======== Data below

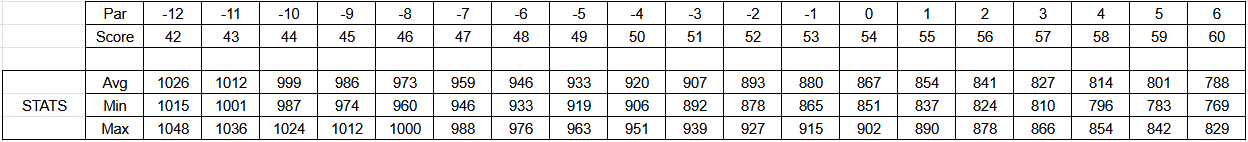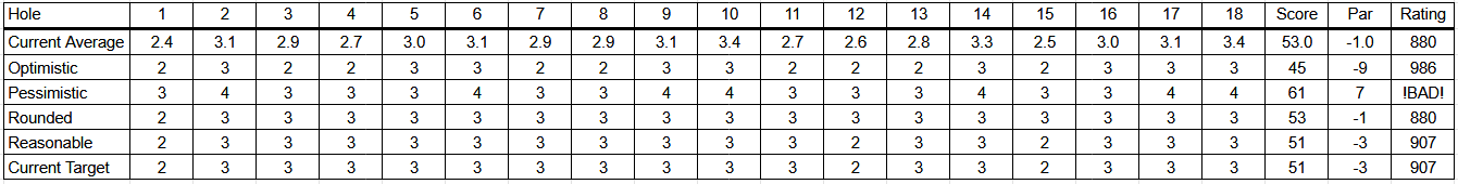 Given that I would like to consistently hit a 930+ rating on my rounds, I would need to throw a 5-under (49) round to hit that mark.
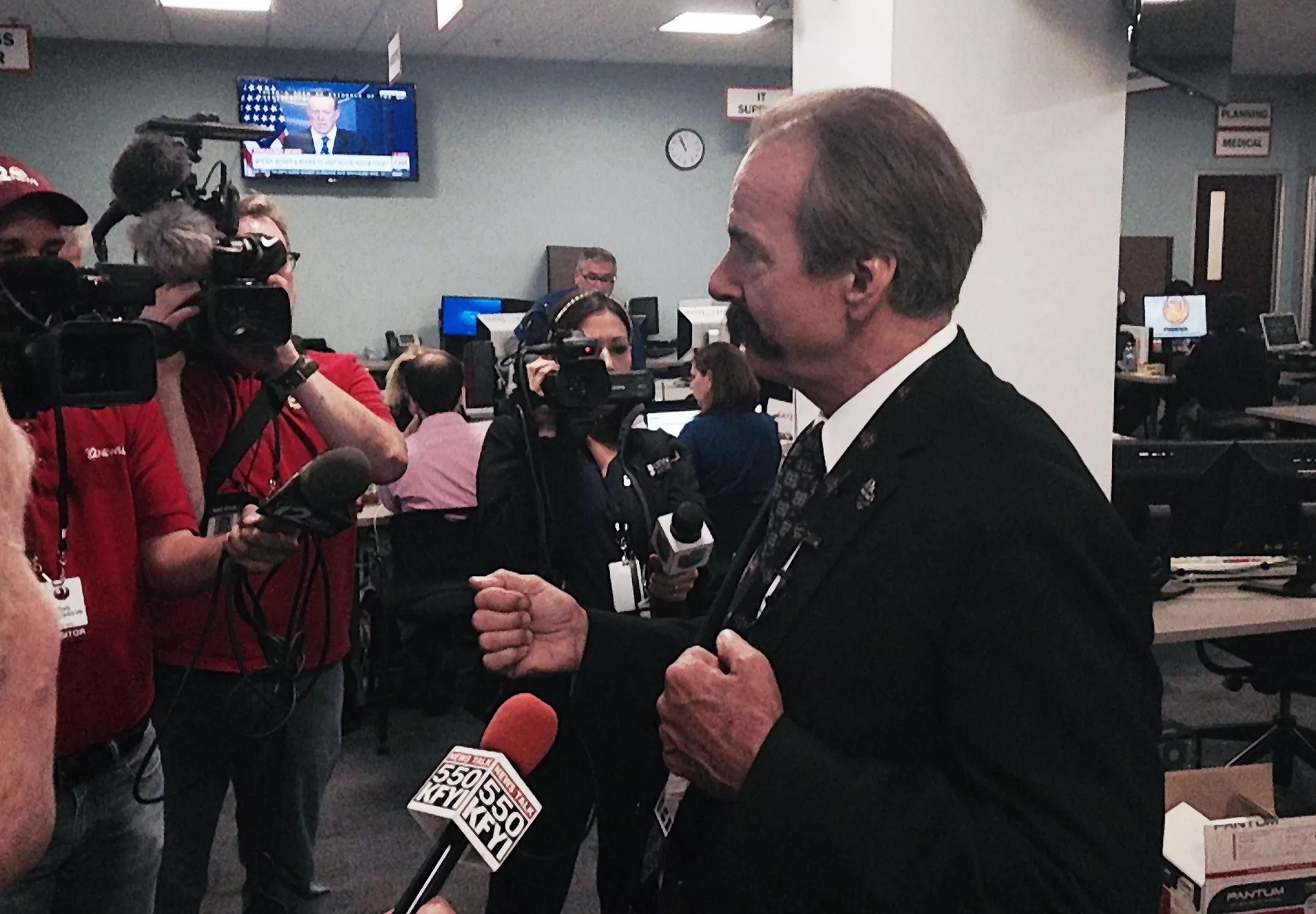 Phoenix Assistant Fire Chief Kevin Kalkbrenner briefs reporters Friday on preparations inside the Emergency Operations Center for NCAA Final Four weekend.
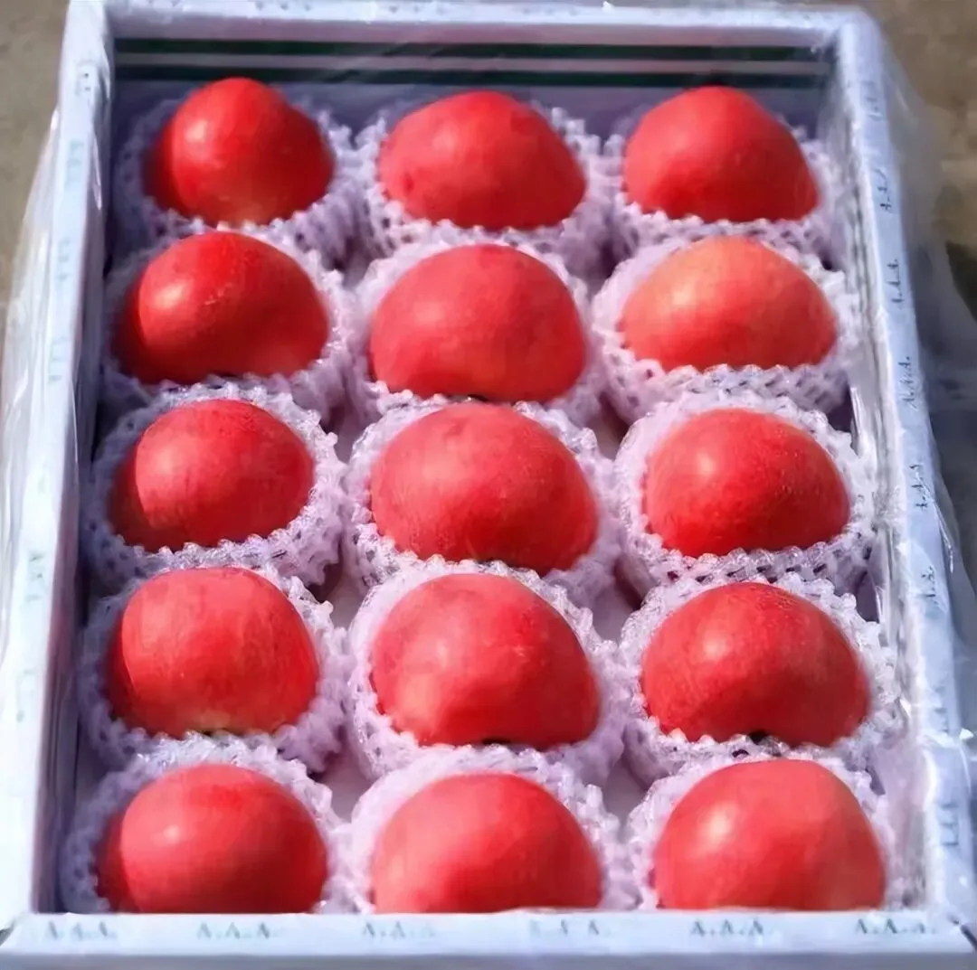 咱先直观感受下这果子的“颜值与实力”:果型端端正正,高桩饱满,不像有的苹果歪歪扭扭;果面摸起来光洁细腻,没有粗糙的斑点,着色是那种自然的浓红,看着就有食欲;咬一口更是绝了,香脆甜爽,汁水顺着喉咙往下淌,而且果实密度大,嚼着有质感,还特别耐贮藏,放一段时间风味更足,完全不用怕买多了浪费。
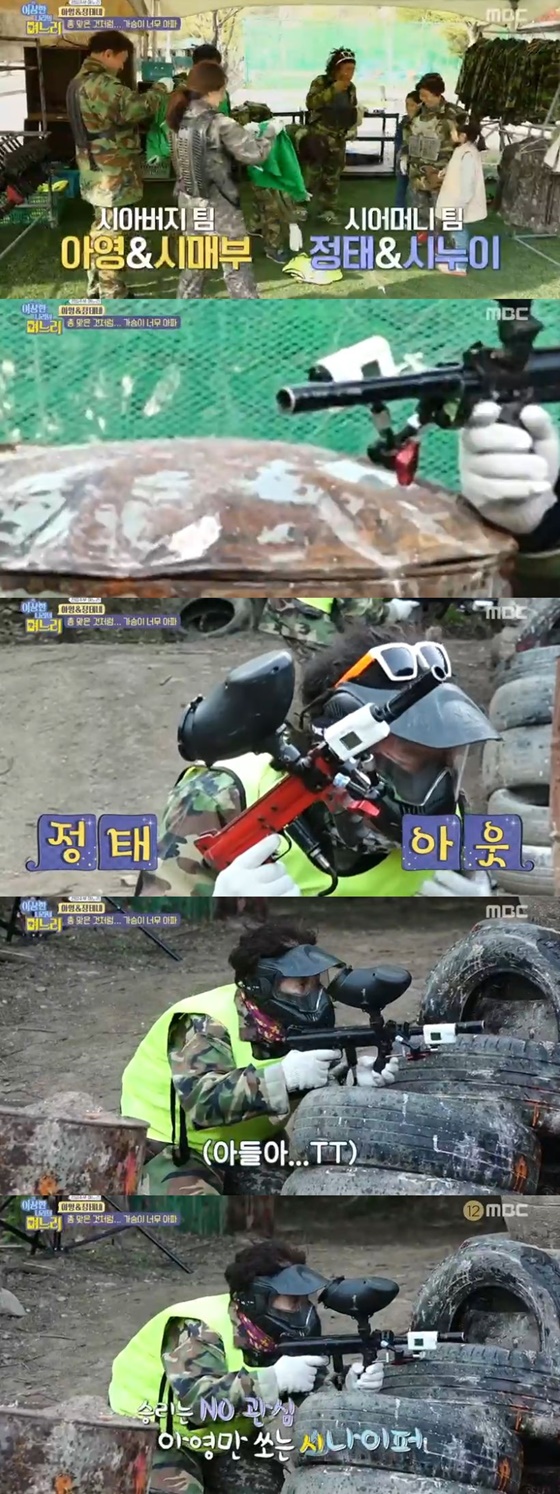 20일 오후 방송된 MBC 시사·교양 프로그램 '이상한 나라의 며느리'에서는 시댁 식구들과 서바이벌 게임을 하는 오정태와 백아영의 모습이 담겼다.

================

■ Problem statement:
With pictures excluded, the data must be transcribed in full and to the letter.

■ Response below:
 Given that I would like to consistently hit a 930+ rating on my rounds, I would need to throw a 5-under (49) round to hit that mark.
 Phoenix Assistant Fire Chief Kevin Kalkbrenner briefs reporters Friday on preparations inside the Emergency Operations Center for NCAA Final Four weekend.
 咱先直观感受下这果子的“颜值与实力”:果型端端正正,高桩饱满,不像有的苹果歪歪扭扭;果面摸起来光洁细腻,没有粗糙的斑点,着色是那种自然的浓红,看着就有食欲;咬一口更是绝了,香脆甜爽,汁水顺着喉咙往下淌,而且果实密度大,嚼着有质感,还特别耐贮藏,放一段时间风味更足,完全不用怕买多了浪费。
 20일 오후 방송된 MBC 시사·교양 프로그램 '이상한 나라의 며느리'에서는 시댁 식구들과 서바이벌 게임을 하는 오정태와 백아영의 모습이 담겼다.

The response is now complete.